Dec 16 10:48 AM US/Eastern
Beijing city authorities on Friday issued new rules requiring microbloggers to register their real names before posting online, as the Chinese government tightens its grip on the Internet.
The city government now requires users of weibos -- the Chinese version of Twitter -- to give their real names to website administrators, its official news portal said.
The new rules will apply to weibo operators based in Beijing, which include Sina -- owner of China's most popular microblogging service which has more than 200 million users.
"Websites with weibo operations must establish and improve a system of content censorship," according to the new rules.
"It is the weibo users' legal duty to use their true ID information to register."
AFP calls to Sina, Netease and Sohu -- two other Beijing-based weibo operators -- went unanswered.
With more than half a billion Chinese now online, authorities in Beijing are concerned about the power of the Internet to influence public opinion in a country that maintains tight controls on its traditional media outlets.
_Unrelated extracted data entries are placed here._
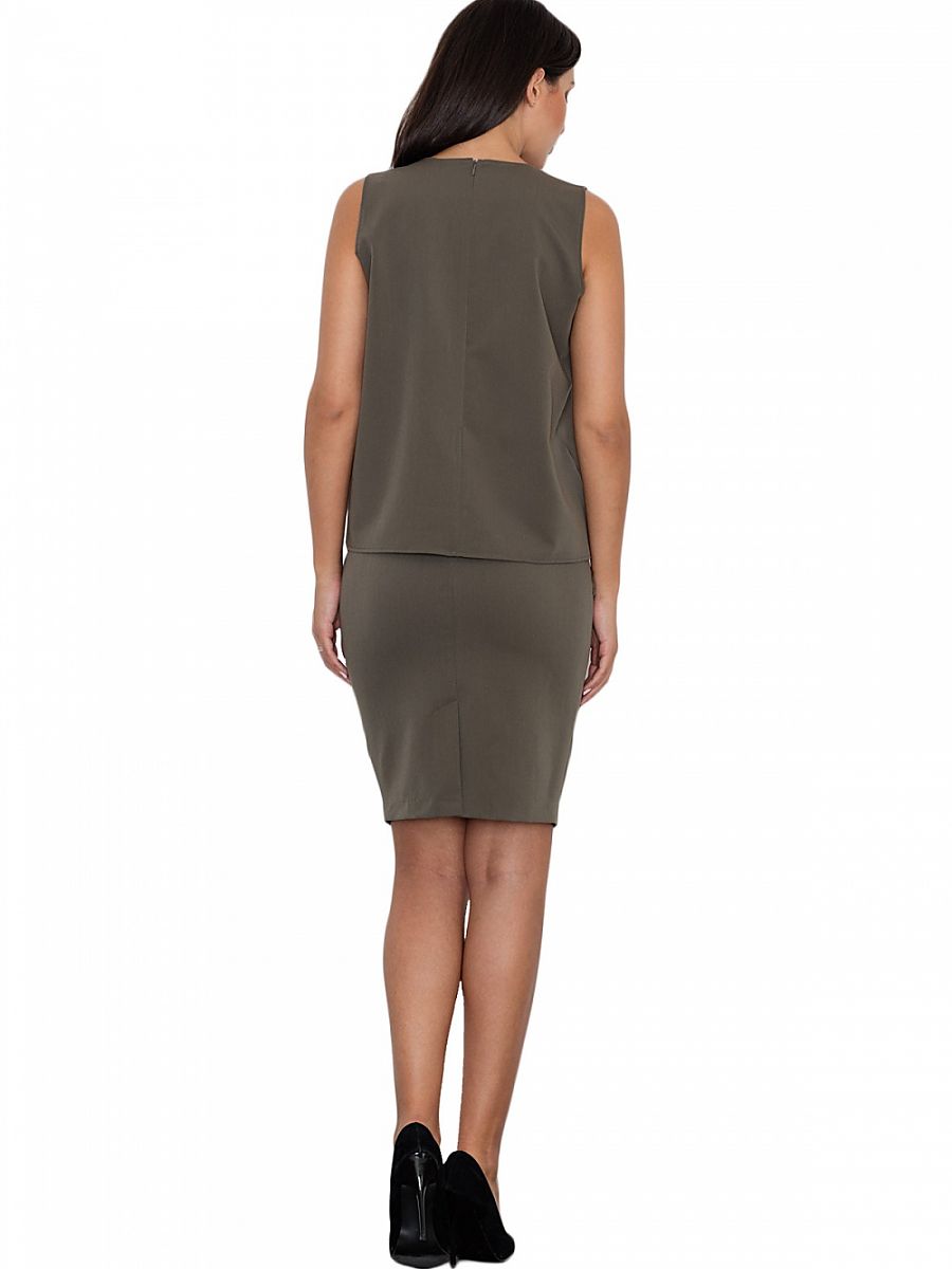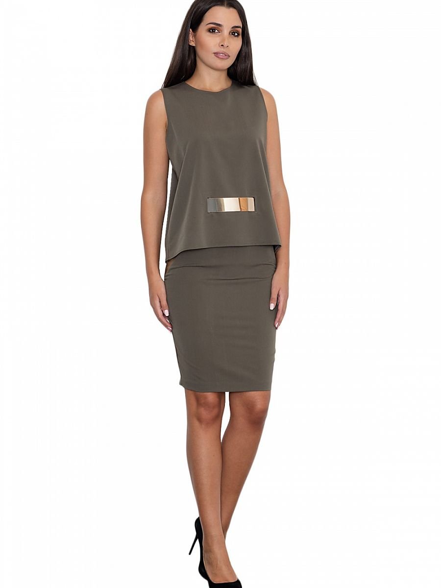 Set elegant într-o versiune simplă. O bluză cu un accent decorativ auriu adaugă șic și modernitate. Fustă ajustată înainte de genunchi cu inserții din piele ecologică, fermoar acoperit. Setul este perfect pentru multe ocazii de zi și de seară.
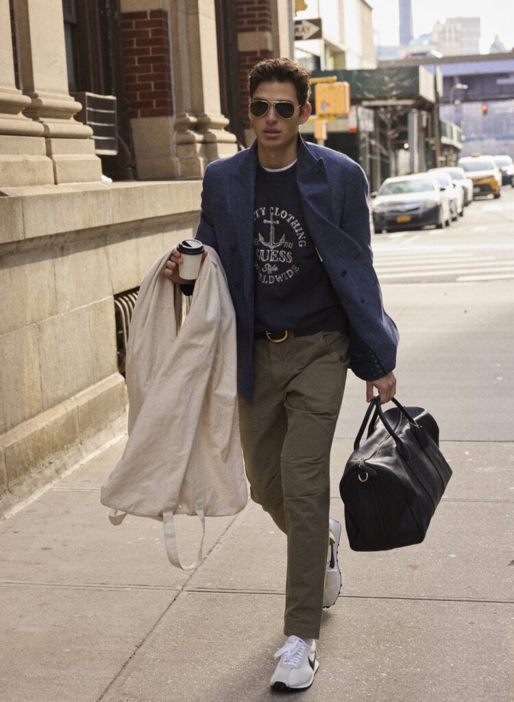 Jacket BERLUTI | Logo crew sweater GUESS | T-shirt CALVIN KLEIN | Cotton military pants BROOKS BROTHERS | Sunglasses RAY-BAN | Leather runway belt and compass bag COACH | Sneakers NIKE
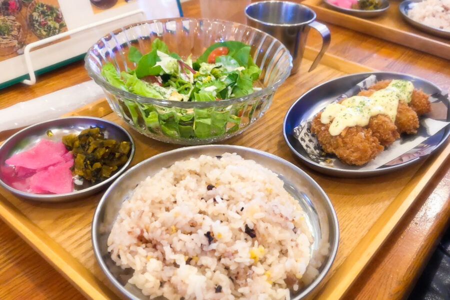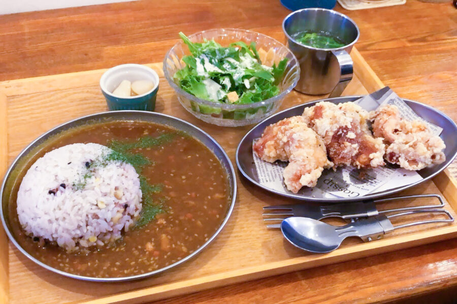 倉吉白壁土蔵群エリアにあり、ご当地限定の唐揚げと朝採れ無農薬野菜の料理を提供しています。 鳥取中部B級グルメバトル優勝のお店。 キャンプをイメージした食器やキーマカレーが人気です。
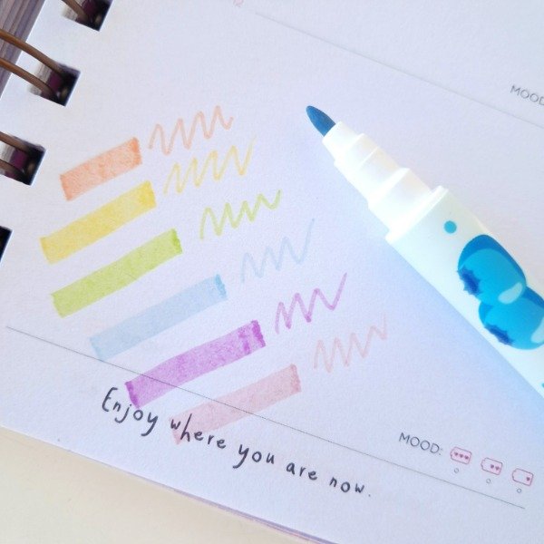 Set de 6 resaltadores con doble punta. De un lado tienen punta fina tipo marcador y del otro punta biselada para usar de resaltador.

Ordinary Chinese are increasingly using weibos to vent their anger and frustration over official corruption, scandals and disasters.
A weibo user is believed to have broken the news of a deadly high-speed rail crash in China in July that provoked widespread condemnation of the government -- much of it online.
This week, despite attempts to censor the web and a virtual blackout in China's state-run media, weibos have buzzed with news of a protest involving thousands of villagers in the southern province of Guangdong.
Residents in Wukan, which has been under police blockade, have posted information and photos online of their daily rallies to demand justice over land seizures and a local leader's death.
Leading Internet and technology firms have already been pressured to tighten their grip on the web as Chinese leaders try to keep a lid on social unrest in the lead up to a once-in-a-decade leadership transition that begins next year.
Last month the heads of 40 companies, including e-commerce giant Alibaba, search engine Baidu and Sina, vowed to stop the "spread of harmful information" on the web after attending a three-day government workshop.
The seminar was held after propaganda chief Li Changchun, fifth in the Communist Party hierarchy, met the heads of China's main search engine Baidu in September.
That same month, the head of Sina said the web giant had set up "rumour-curbing teams", apparently in response to government pressure.
The Internet has posed a huge challenge to government attempts to block content it deems politically sensitive through a censorship system known as the "Great Firewall".
The number of weibo users has more than trebled since the end of 2010, according to government data, and the speed with which they have taken off has made it impossible for censors to keep up.